Generally the social area is physical or virtual space such as a social center, online social media, or other gathering place where people gather and interact. Thus, to identify physical social area in Ohio, we would get to know participants’ transport purpose. Since the TravelJournal already indicated one column with transport purpose, then we can leverage it to extract social purpose data for our specific target according.

To visualize the area, we still need to know polygon information, as TravelJournal itself doesn’t contain any polygon data, we need to join this journal with other table.

tmap_mode() is used to switch the display from static mode
tm_shape() is used to create a tmap-element that specifies a spatial data object
tm_polygon() is used to create a tmap-element that draws polygon feature.

travel_social <- left_join(travel, pubs, by = c("travelEndLocationId" = "pubId"))%>%
  filter(purpose == "Recreation (Social Gathering)")

write_csv(travel_social,"data/travel_social.csv")
social <- read_sf("data/travel_social.csv",  
                options = "GEOM_POSSIBLE_NAMES=location")

social <- social %>%
  mutate(travelStartTime = date_time_parse(travelStartTime,zone = "",
                                     format = "%Y-%m-%dT%H:%M:%S"))%>%
  mutate(travelEndTime = date_time_parse(travelEndTime,zone = "",
                                     format = "%Y-%m-%dT%H:%M:%S"))%>%
  mutate(checkInTime = date_time_parse(checkInTime,zone = "",
                                     format = "%Y-%m-%dT%H:%M:%S"))%>%
  mutate(checkOutTime = date_time_parse(checkOutTime,zone = "",
                                     format = "%Y-%m-%dT%H:%M:%S"))%>%
  mutate(startDay = as.numeric(factor(startDay)))%>%
  mutate(endDay = as.numeric(factor(endDay)))

social_select <- social %>%
  select(-c(startingBalance,endingBalance,hourlyCost,maxOccupancy))

write_rds(social_select,"data/social_select.rds")
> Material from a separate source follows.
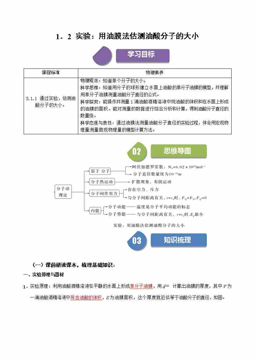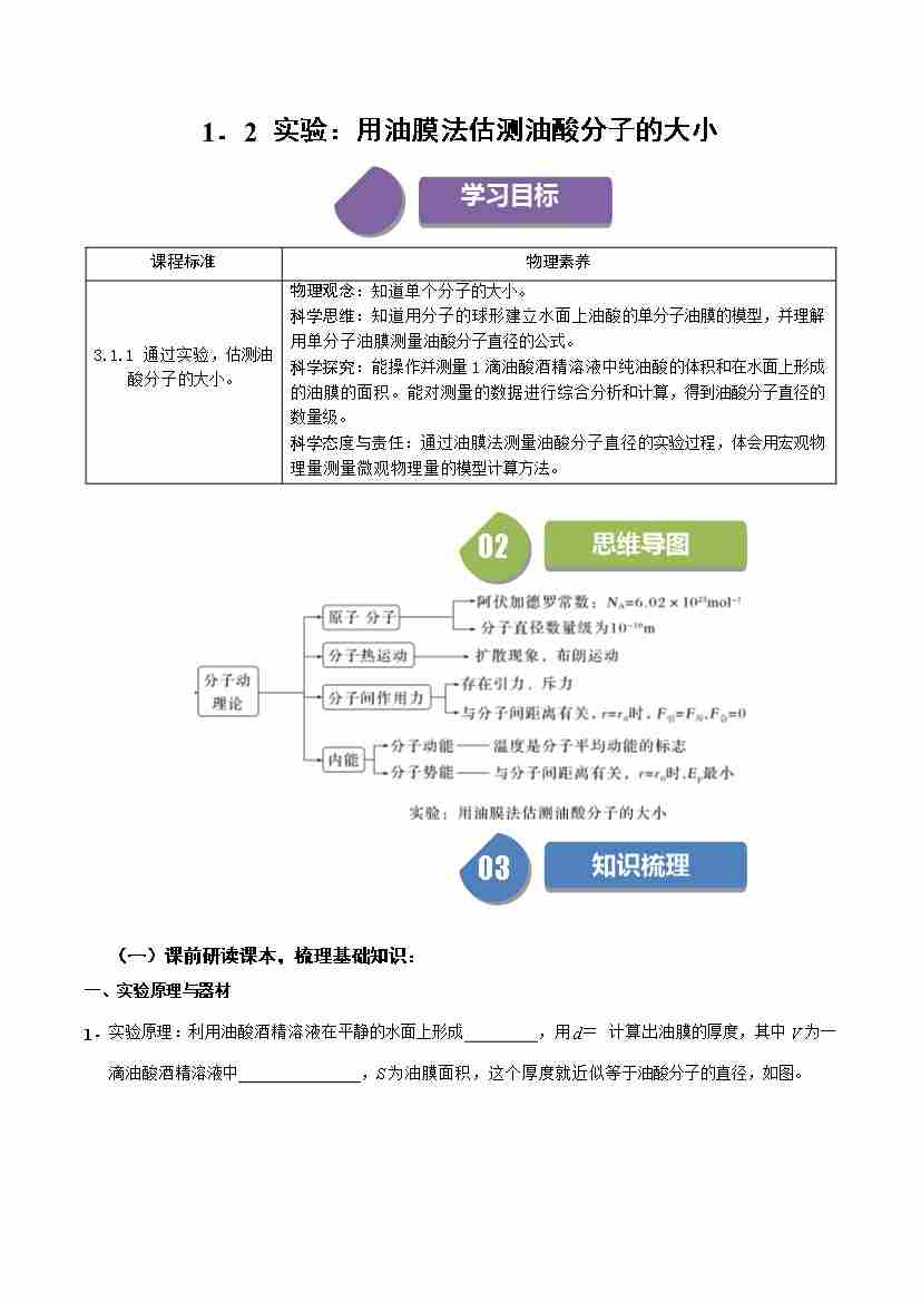 1.2 实验:用油膜法估测油酸分子的大小(学生版)

social_select<- read_rds("data/social_select.rds")

tm_shape(buildings)+
tm_polygons(col = "grey60",
size = 1.2,border.col = "black",border.lwd = 1) +
tm_shape(social_select) +
  tm_dots(col = "red", size = 0.7, alpha = 0.2)

4.2 Traffic bottleneck

A traffic bottleneck is a localized disruption of vehicular traffic on a street, road, or highway. As opposed to a traffic jam, a bottleneck is a result of a specific physical condition. To define a reasonable metric of traffic bottleneck location, it seems reasonable to monitor number of commuter of a location per 10 minutes instead of total number of a whole day.

Another thing is that the traffic bottleneck would be caused by high volume of vehicle, which usually appears during peak times.Under this condition, we chop 7am-9am as morning peak time and 5pm-7pm as evening peak time. In addition, as the data sets don’t expose which type of vehicle does the commuter take, so assume part of them take public transport and others take private car. Then the destination with high volume would probably be traffic bottleneck.

As travel data frame doesn’t contain location information detail, we need to leverage and combine location from variable data frames.

apartment_ed <- apartment %>%
  mutate(venueId = apartmentId) %>%
  select(venueId,location)

employer_ed <- employers %>%
  mutate(venueId = employerId) %>%
  select(venueId,location)

pubs_ed<- pubs %>%
  mutate(venueId = pubId) %>%
  select(venueId,location)

school_ed<- schools %>%
  mutate(venueId = schoolId) %>%
  select(venueId,location)

restaurant_ed<- restaurant %>%
  mutate(venueId = restaurantId) %>%
  select(venueId,location)

combine <- rbind(apartment_ed,employer_ed,pubs_ed,school_ed,restaurant_ed)

Segregate moring peak and evening peak by time.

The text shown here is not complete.